Paylaş
Beşiktaş’ın üç babasından biri.
Memleket futbolunda çok az futbolcuya nasip olmuş “Baba” lakabının en baba sahibinin, Baba Hakkı’nın veliahdı.
Bütün baba futbolcular gibi babalığı centilmenliğinden gelen bir büyük kaptan.
1929 Ankara doğumludur. 1930’lu yılları Ankara sokaklarında, sokak demeyelim, arsalarında bez bir topun peşinde koşarak geçirir. Ankaragücü’nün önüne koyduğu meşin topla yaptıkları onu kısa zamanda takımın gözde oyuncusu haline getirir. Artık sadece başkentli taraftarların değil memleket futbolunun gözü Recep Adanır’dadır.
Tam o yıllarda, Baba Hakkı, İnönü Stadyumu’nun açılış maçının devre arasında takımı soyunma odasında etrafına toplar. Vâlâ Somalı’nın nefis aktarımından biliyoruz ki şöyle der: Arkadaşlar, artık bana bacak arası yapabiliyorlar. Anladım ki, futbolu rezil olmadan bırakma zamanı gelmiş. Bu maçtan sonra kaptanınız olarak değil, bir ağabeyiniz olarak sizlere her zaman destek olacağım. Şüpheniz olmasın”.
Dediğini yapar. Topu bırakır, Beşiktaş’ı asla bırakmaz. Kaptan değil genel kaptandır artık. Ama Beşiktaş’ta yarattığı boşluk öyle kolay dolacak gibi değildir. Gerçi takım çok iyidir. Şimdi şurada savunma hattını saysam ayrı hücum hattını saysam ayrı ağlarsınız. Ama bi şey eksiktir Baba Hakkı’ya göre. Bi şey eksik.
O eksik, bi telefon konuşmasıyla dolar: “İstediğin futbolcu burada, Ankaragücü’nde oynuyor. Hemen gerekeni yap ve onu Beşiktaş’a kazandır.”
Baba Hakkı, arkadaşının dediği gibi hemen gereğini yapar. Böylece Beşiktaş efsane kaptanına, Baba Hakkı, Baba Hüsnü’den devraldığı lakabını devredeceği veliahdına, Recep Adanır da Beşiktaş’ına kavuşur.
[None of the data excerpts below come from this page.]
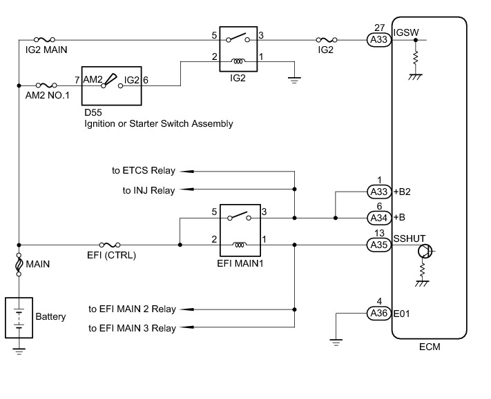 When the ignition switch is turned to ON, the IGSW signal is input into the ECM. This turns the internal transistor ON, causing the current to flow to the EFI MAIN1 relay coil, which closes the relay, supplying power to the ECM +B and +B2 terminals.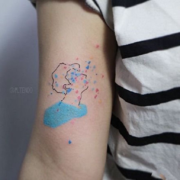 手臂臂环纹身和赤裸天使,蓝色羽翼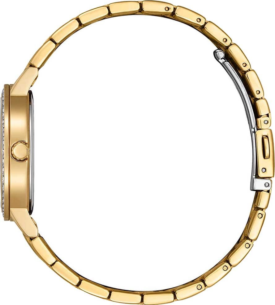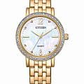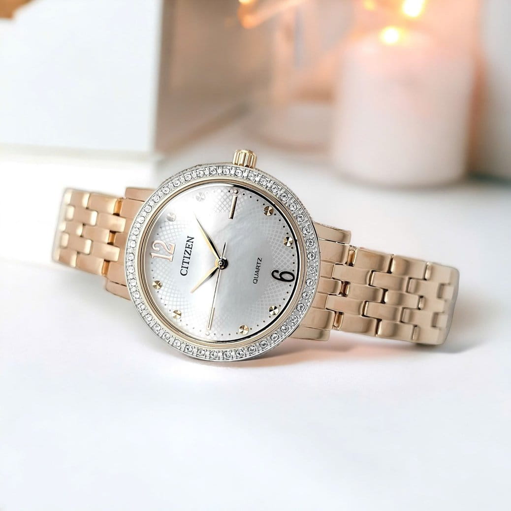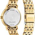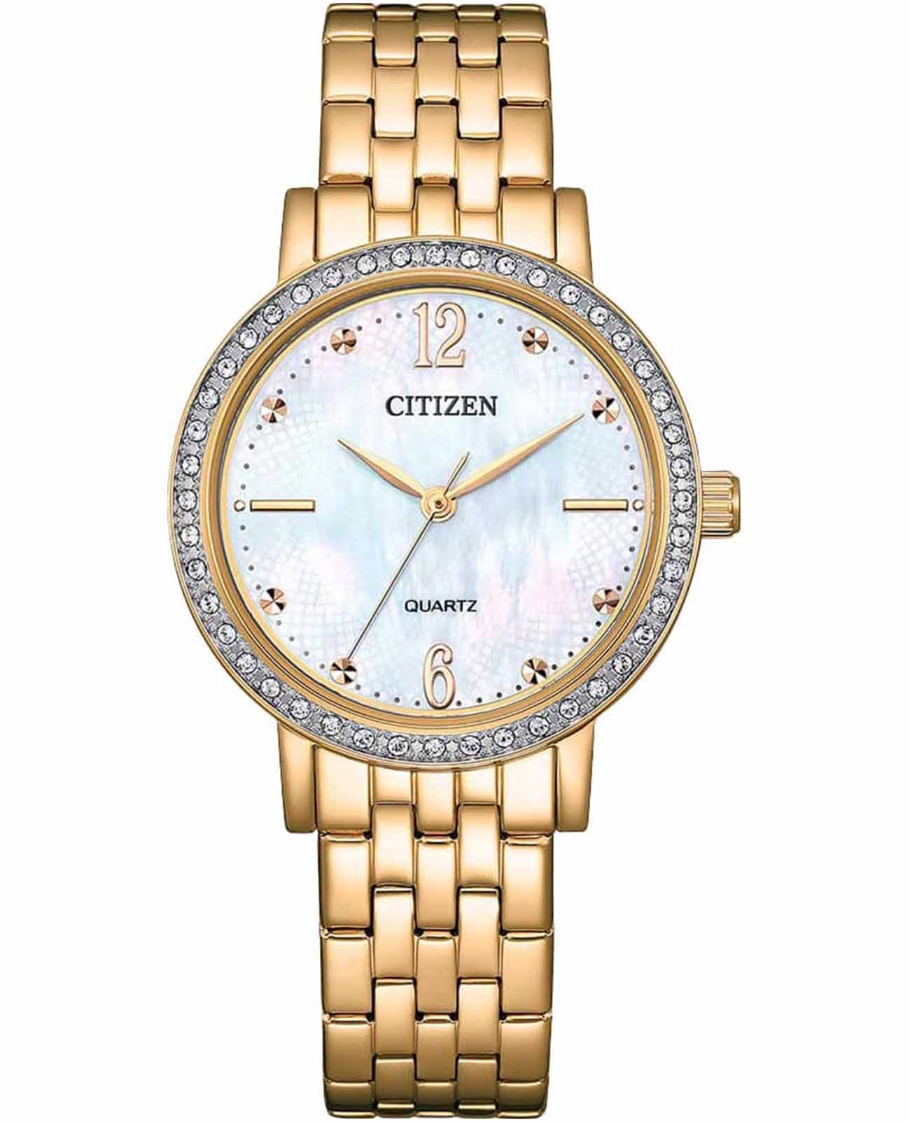 Часы Citizen EL3103-57D представляют собой элегантную модель, выполненную в Японии, сочетающую в себе современные технологии и утончённый дизайн. Корпус и браслет изготовлены из прочной нержавеющей стали с золотистым IP-покрытиемIP-покрытиеМетод ионного напыления. Демонстрирует повышенную устойчивость к истиранию, окислению и химическим веществам. Под воздействием высокого давления и температуры около 1500°C молекулы металла надёжно соединяются с частицами корпуса часов., что обеспечивает долговечность и привлекательный внешний вид. Диаметр корпуса составляет 31 мм, а толщина — всего 7 мм, что делает часы изящными и аккуратными на запястье. Особое внимание привлекает безельБезельВнешний ободок, закрепляющий стекло. В спортивных часах так называется поворотное кольцо с делениями на циферблате, выполняет роль таймера – замеряет отрезки времени на шкале. Неподвижный безель – элемент декора. Однонаправленно вращающийся безель на дайверских часах позволяет фиксировать моменты погружения и выныривания на поверхность., украшенный мерцающими кристаллами, которые придают часам особый шарм и изысканность. Надёжный кварцевый механизм гарантирует точность хода, а водозащита уровня WR 50 позволяет не снимать часы при мытье рук или во время дождя. Перламутровый циферблат украшен часовыми индексами в виде точек и цифр, а также оснащён центральными стрелками часов, минут и секунд для удобного считывания времени и кристаллами. Минеральное стеклоМинеральное стеклоМинеральное стекло представляет собой искусственно выращенный минерал кварца. Такое стекло отличается особой устойчивостью к повреждениям и царапинам. Уступает по некоторым качествам сапфировому стеклу. устойчиво к появлению мелких царапин, сохраняя прозрачность и презентабельный вид.  Стальной браслет с золотистым  IP-покрытиемIP-покрытиеМетод ионного напыления. Демонстрирует повышенную устойчивость к истиранию, окислению и химическим веществам. Под воздействием высокого давления и температуры около 1500°C молекулы металла надёжно соединяются с частицами корпуса часов. и раскладной застёжкойРаскладная застёжкаТакой тип застёжки используется только на браслетах из металла. Она никогда не раскрывается полностью, происходит разделение на 2 и более частей. Раскладывающая застёжка снизит вероятность потери часов к минимуму. надежно фиксирует часы на запястье, обеспечивая комфорт при ежедневном ношении.

Sonrası üzerinde on yıl taşıdığı Beşiktaş forması. Kolunda kaptanlık bandı. İsminin önünde “Baba” lakabı. Altı şampiyonluk. Enfes frikikler. Müthiş bir top hâkimiyeti. Seyri doyumsuz driplingler. Muazzam bir teknik.
Centilmenlik, efendilik, örnek sporculuk.
Beşiktaş’a kalpten bağlılık. Şöyle demiş bi vakitler: “Beşiktaş’tan ayrıldıktan sonra Kasımpaşa’ya oradan da Galatasaray’a gittim. Sarı kırmızılı formayla çıktığım maçta Beşiktaş’a karşı mücadele ettim. O karşılaşma öncesinde Beşiktaş tribünü tarafından çağrıldım ve elimi kalbime götürerek siyah beyazlı taraftara olan bağlılığımı ifade ettim. Daha sonra Galatasaray tribünleri tarafından selamlanmak için çağırıldığımda ise sarı kırmızılı tribüne ayağımı gösterdim. Bu demek oluyor ki ben sadece bu kulüpte futbol için varım. Beşiktaş’a ise kalbimle bağlıyım. Yaptığım bu hareketten dolayı iki takımın tribünleri ayağa kalkıp beni alkışladılar.”
Recep Adanır’a veda ettik. Onunla birlikte futbol tarihimizde Hüsnü Savman, Hakkı Yeten, Recep Adanır ve Gündüz Kılıç’a nasip olan “Baba” lakabıyla da vedalaştık.
Recep Adanır, Türkiye futbolunun yaşayan son “Baba”sıydı.
Beşiktaş’ın üçüncü ve son “Baba”sı.
Rahat uyusun. Hepsi rahat uyusun. Öyle görünüyor ki Beşiktaş bu sene de gereğini yapacak, kupayı bu isimlerin koca koca harflerle yazılı olduğu o müzeye taşıyacak.